(MATERIAL FOR THIS TASK):
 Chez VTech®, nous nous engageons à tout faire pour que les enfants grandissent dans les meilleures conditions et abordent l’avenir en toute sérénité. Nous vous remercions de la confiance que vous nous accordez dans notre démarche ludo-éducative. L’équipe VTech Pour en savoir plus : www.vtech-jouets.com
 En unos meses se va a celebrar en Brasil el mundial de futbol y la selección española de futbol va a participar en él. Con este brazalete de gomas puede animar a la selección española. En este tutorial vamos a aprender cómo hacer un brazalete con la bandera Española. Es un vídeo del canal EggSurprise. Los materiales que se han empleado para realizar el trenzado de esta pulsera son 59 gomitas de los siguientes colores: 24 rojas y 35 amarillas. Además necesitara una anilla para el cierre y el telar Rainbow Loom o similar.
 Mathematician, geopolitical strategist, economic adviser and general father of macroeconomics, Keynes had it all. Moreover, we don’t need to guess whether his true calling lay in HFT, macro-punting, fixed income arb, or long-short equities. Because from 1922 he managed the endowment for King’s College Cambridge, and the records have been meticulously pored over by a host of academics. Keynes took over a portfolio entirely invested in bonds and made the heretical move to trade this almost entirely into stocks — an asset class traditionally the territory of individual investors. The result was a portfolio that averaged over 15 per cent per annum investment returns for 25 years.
...
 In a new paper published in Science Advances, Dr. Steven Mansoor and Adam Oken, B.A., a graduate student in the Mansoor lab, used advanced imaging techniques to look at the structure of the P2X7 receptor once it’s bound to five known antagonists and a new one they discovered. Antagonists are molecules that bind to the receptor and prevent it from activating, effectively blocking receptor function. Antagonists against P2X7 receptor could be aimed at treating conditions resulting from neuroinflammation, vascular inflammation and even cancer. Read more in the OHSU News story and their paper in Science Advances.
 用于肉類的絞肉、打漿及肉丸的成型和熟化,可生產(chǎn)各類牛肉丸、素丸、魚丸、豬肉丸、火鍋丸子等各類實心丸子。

(EXERCISE DESCRIPTION):
Take from the material above the lines running from the one with "In a new paper" through the one with "用于肉類的絞肉、打漿及肉丸的", and repeat them exactly, with nothing else.

(RESPONSE TO THIS EXERCISE):
 In a new paper published in Science Advances, Dr. Steven Mansoor and Adam Oken, B.A., a graduate student in the Mansoor lab, used advanced imaging techniques to look at the structure of the P2X7 receptor once it’s bound to five known antagonists and a new one they discovered. Antagonists are molecules that bind to the receptor and prevent it from activating, effectively blocking receptor function. Antagonists against P2X7 receptor could be aimed at treating conditions resulting from neuroinflammation, vascular inflammation and even cancer. Read more in the OHSU News story and their paper in Science Advances.
 用于肉類的絞肉、打漿及肉丸的成型和熟化,可生產(chǎn)各類牛肉丸、素丸、魚丸、豬肉丸、火鍋丸子等各類實心丸子。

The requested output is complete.